§ Problem details: Two lines in the listing below mark the span: one contains "These Causal Slim" and one contains "Na začetku sprevoda". Reproduce both of them and everything between, exactly.

§ Recorded information:
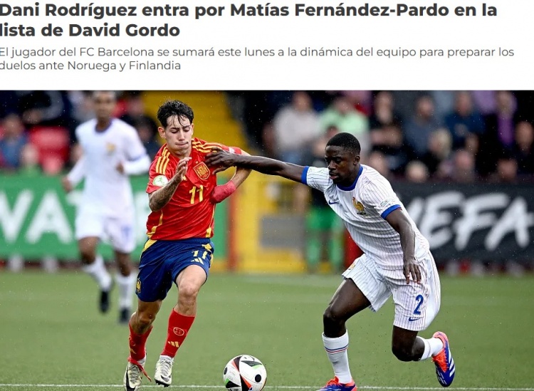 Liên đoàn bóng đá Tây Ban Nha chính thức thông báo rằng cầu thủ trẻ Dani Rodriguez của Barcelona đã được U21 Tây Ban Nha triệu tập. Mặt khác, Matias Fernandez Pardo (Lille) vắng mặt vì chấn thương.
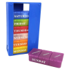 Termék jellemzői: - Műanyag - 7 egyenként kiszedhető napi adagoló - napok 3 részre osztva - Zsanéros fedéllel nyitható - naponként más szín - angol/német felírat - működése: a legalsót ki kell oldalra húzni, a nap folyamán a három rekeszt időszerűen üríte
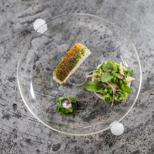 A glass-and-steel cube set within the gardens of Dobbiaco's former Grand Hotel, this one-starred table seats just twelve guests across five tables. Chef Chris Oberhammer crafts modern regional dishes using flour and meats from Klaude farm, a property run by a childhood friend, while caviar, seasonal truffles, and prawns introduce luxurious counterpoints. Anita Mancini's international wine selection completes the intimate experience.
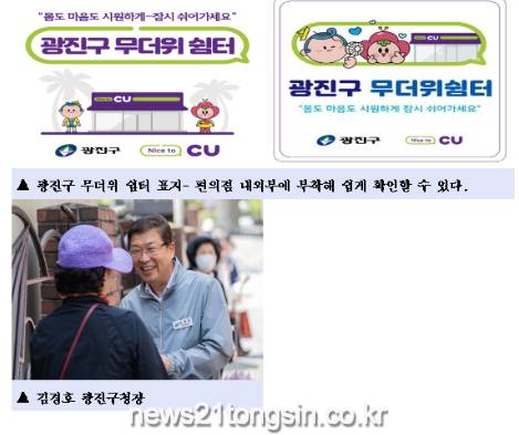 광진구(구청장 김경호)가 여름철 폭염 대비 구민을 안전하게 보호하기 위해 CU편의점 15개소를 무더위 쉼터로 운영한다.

--

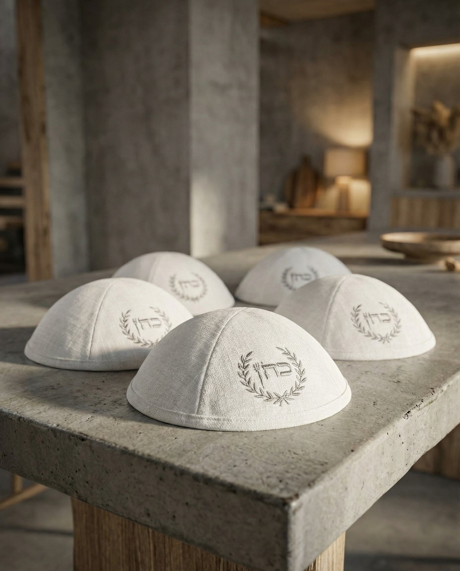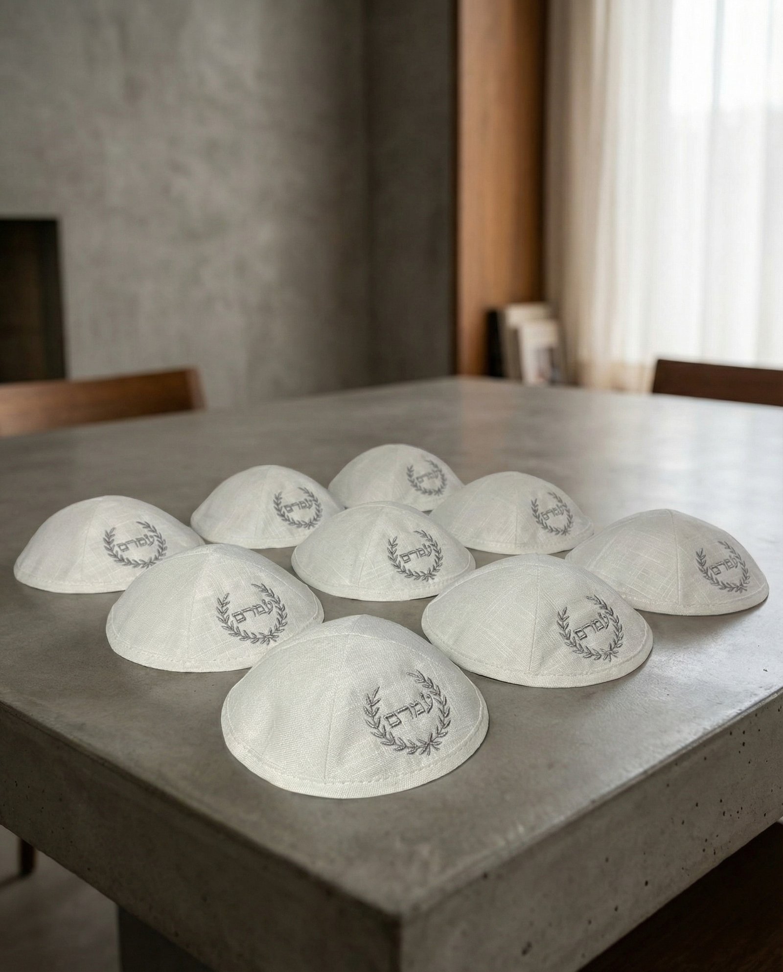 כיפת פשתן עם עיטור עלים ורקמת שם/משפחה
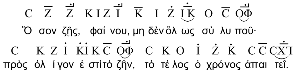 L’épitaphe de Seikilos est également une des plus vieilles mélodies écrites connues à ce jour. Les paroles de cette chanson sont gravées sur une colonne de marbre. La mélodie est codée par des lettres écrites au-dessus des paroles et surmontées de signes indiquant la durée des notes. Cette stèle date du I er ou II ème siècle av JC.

...

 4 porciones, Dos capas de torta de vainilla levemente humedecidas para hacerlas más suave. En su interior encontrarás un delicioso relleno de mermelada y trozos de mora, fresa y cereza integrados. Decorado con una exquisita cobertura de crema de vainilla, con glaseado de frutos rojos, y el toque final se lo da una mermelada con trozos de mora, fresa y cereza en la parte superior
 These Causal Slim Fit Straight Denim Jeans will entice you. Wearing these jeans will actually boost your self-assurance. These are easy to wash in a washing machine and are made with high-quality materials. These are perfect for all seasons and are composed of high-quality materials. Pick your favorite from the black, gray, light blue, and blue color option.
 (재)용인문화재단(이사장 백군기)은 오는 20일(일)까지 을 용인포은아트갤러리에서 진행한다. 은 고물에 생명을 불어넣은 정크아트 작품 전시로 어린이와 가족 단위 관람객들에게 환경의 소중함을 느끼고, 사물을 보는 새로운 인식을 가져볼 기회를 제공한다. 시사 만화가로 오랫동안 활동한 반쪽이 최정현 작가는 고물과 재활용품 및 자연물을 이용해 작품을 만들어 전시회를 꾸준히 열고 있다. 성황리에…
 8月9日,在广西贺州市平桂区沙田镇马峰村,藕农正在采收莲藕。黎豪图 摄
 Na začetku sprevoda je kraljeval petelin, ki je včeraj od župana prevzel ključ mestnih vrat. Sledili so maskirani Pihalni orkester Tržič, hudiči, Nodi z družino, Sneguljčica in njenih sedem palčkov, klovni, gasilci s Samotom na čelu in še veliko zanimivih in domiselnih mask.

§ Reply:
 These Causal Slim Fit Straight Denim Jeans will entice you. Wearing these jeans will actually boost your self-assurance. These are easy to wash in a washing machine and are made with high-quality materials. These are perfect for all seasons and are composed of high-quality materials. Pick your favorite from the black, gray, light blue, and blue color option.
 (재)용인문화재단(이사장 백군기)은 오는 20일(일)까지 을 용인포은아트갤러리에서 진행한다. 은 고물에 생명을 불어넣은 정크아트 작품 전시로 어린이와 가족 단위 관람객들에게 환경의 소중함을 느끼고, 사물을 보는 새로운 인식을 가져볼 기회를 제공한다. 시사 만화가로 오랫동안 활동한 반쪽이 최정현 작가는 고물과 재활용품 및 자연물을 이용해 작품을 만들어 전시회를 꾸준히 열고 있다. 성황리에…
 8月9日,在广西贺州市平桂区沙田镇马峰村,藕农正在采收莲藕。黎豪图 摄
 Na začetku sprevoda je kraljeval petelin, ki je včeraj od župana prevzel ključ mestnih vrat. Sledili so maskirani Pihalni orkester Tržič, hudiči, Nodi z družino, Sneguljčica in njenih sedem palčkov, klovni, gasilci s Samotom na čelu in še veliko zanimivih in domiselnih mask.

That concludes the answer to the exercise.